Eine kurze Busfahrt weiter gelangten wir zum Hector Pieterson Platz. Der 12-jährige Junge Hector wurde an jenem 16. Juni 1976 von der Polizei während der Soweto-Aufständen erschossen.
Die Polizei eröffnete das Feuer auf schwarze Schüler*innen, die an jedem Tag gegen die Einführung von Afrikaans als Unterrichtssprache für alle Schulfächer protestierten, da sie lieber in ihren Muttersprachen Xhosa und Zulu lernen wollten. Ein Nachrichtenfoto zeigt den tödlich verwundeten Pieterson, der von einem anderen Jungen getragen wird, während seine Schwester neben ihnen herläuft. Der Jahrestag von Hector Pieterson Tods wird in Südafrika als Tag der Jugend bezeichnet.

Zu Fuß liefen wir vom Hector Pieterson Platz etwa 10 Minuten lang bis zum Mandela Haus. Nelson Mandela bezog dieses Haus mit seiner damaligen Familie im Jahre 1946. Nach der Scheidung von seiner ersten Frau heiratete er Winnie Mandela und lebte gemeinsam mit ihr in diesem Haus bis 1962, bevor er in den Untergrund ging und später 27-jährige Haftstrafe antrat. Winnie Mandela bewohnte das Haus mit den gemeinsamen Kindern bis zu ihrer Bannung nach Brandfort. Nach Mandelas Freilassung im Februar 1990 zog er erneut in das Haus. In seiner Autobiografie "Der lange Weg zur Freiheit" schrieb er, erst dort das Gefühl von Freiheit gehabt zu haben. Er verblieb jedoch nur elf Tage dort und bezog später ein Haus im Johannesburger Stadtteil Houghton Estate.

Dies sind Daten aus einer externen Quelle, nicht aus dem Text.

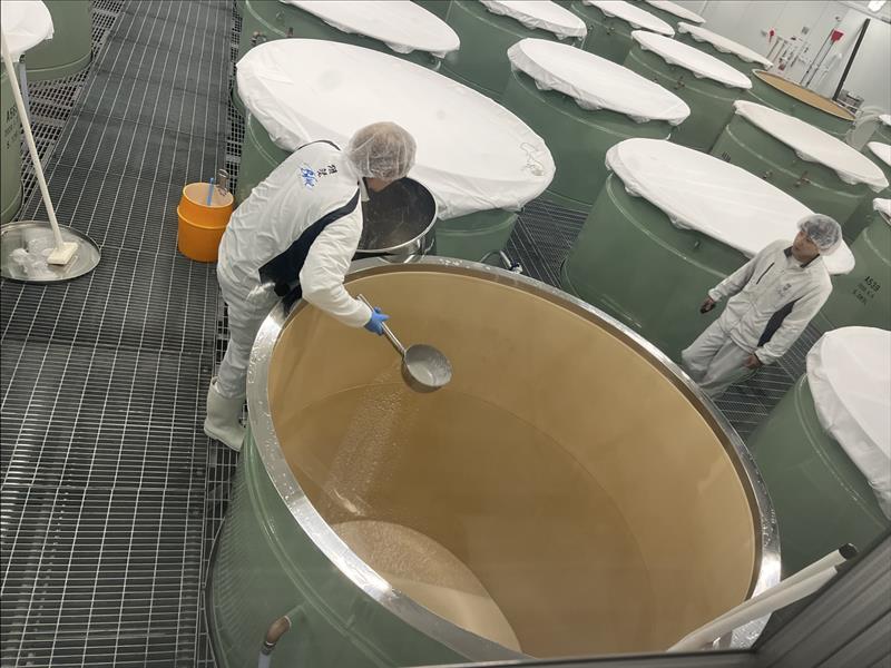 Dassai Blueの酒造りは、多くの工程に人の手が加わる。なかでも、日本酒のもととなる酵母を育てる伝統的な製法「山おろし」は、酒母を一気に投入せず、ゆっくりすくって少しずつ注いでいく。こうしたていねいな手作業によって、雑味のないクリアな味わいが生まれるのだという。

Das Haus dient heute als Museum um Mandelas Leben und Geschichte zu veranschaulichen. In den Fassaden der Hauswand sind noch bis heute Einschusslöcher zu sehen.

Nachdem wir an unserem letzten Tag in Südafrika noch diese drei geschichtsträchtigen Orte besucht hatten, mussten wir dann leider den Weg zum Flughafen Johannesburg antreten. Nach einer Stunde Fahrt gelangten wir dort gegen 16 Uhr an. Die Koffer waren schnell aufgegeben, letzte Souvenirs eingekauft und alle durch die Sicherheitskontrolle gelangt. So hob um 19 Uhr eine Boeing 747 mit dem NKC an Board ab, um gute 11 Stunden später gegen 5:45 Uhr in Frankfurt zu landen. Auch die dreistündige Rückfahrt zum Schiller-Gymnasium in Heidenheim verlief reibungslos und so wurden wir kurz nach 11 Uhr von einem tollen Empfangskomitee bestehend aus Eltern und Freunden herzlich begrüßt.

Nun geht also auch diese einzigartige Reise zu Ende. 17 intensive, spannende, ereignisreiche aber auch anstrengende Tage liegen hinter uns. Viele Eindrücke konnten wir gewinnen, haben Neues gelernt und tolle Konzerte zusammen gesungen. Dass diese Reise durch und durch ein Erfolg war haben wir vor allem Sylvia Lohse zu verdanken. Du hast uns mit deiner monatelangen Planung und Organisation eine unvergessliche Reise beschert und wir können uns nur von Herzen bei dir bedanken! Ein großer Dank gilt auch unserer Pianistin Kyoko Kanazawa, die uns herausragend am Klavier bei jedem Konzert begleitet hat, ganz gleich welch verstimmtes Klavier oder wackeliges Keyboard ihr hingestellt wurde. Ein riesengroßer Dank gilt auch Daniela Burkart, die für alle immer ein offenes Ohr hatte und Frau Lohse in jeder Hinsicht bei der Planung unterstützte! Und die mir sämtliche Bilder hat zukommen lassen, was diesen Blog um einiges bereichert hat!
Und nicht zu vergessen natürlich auch ein herzliches Dankeschön an Thomas Kammel, der mit uns jedes Konzert bestritt und das Beste aus uns herausgeholt hat!

Danke an alle, die diese Reise zu der gemacht haben, die sie war!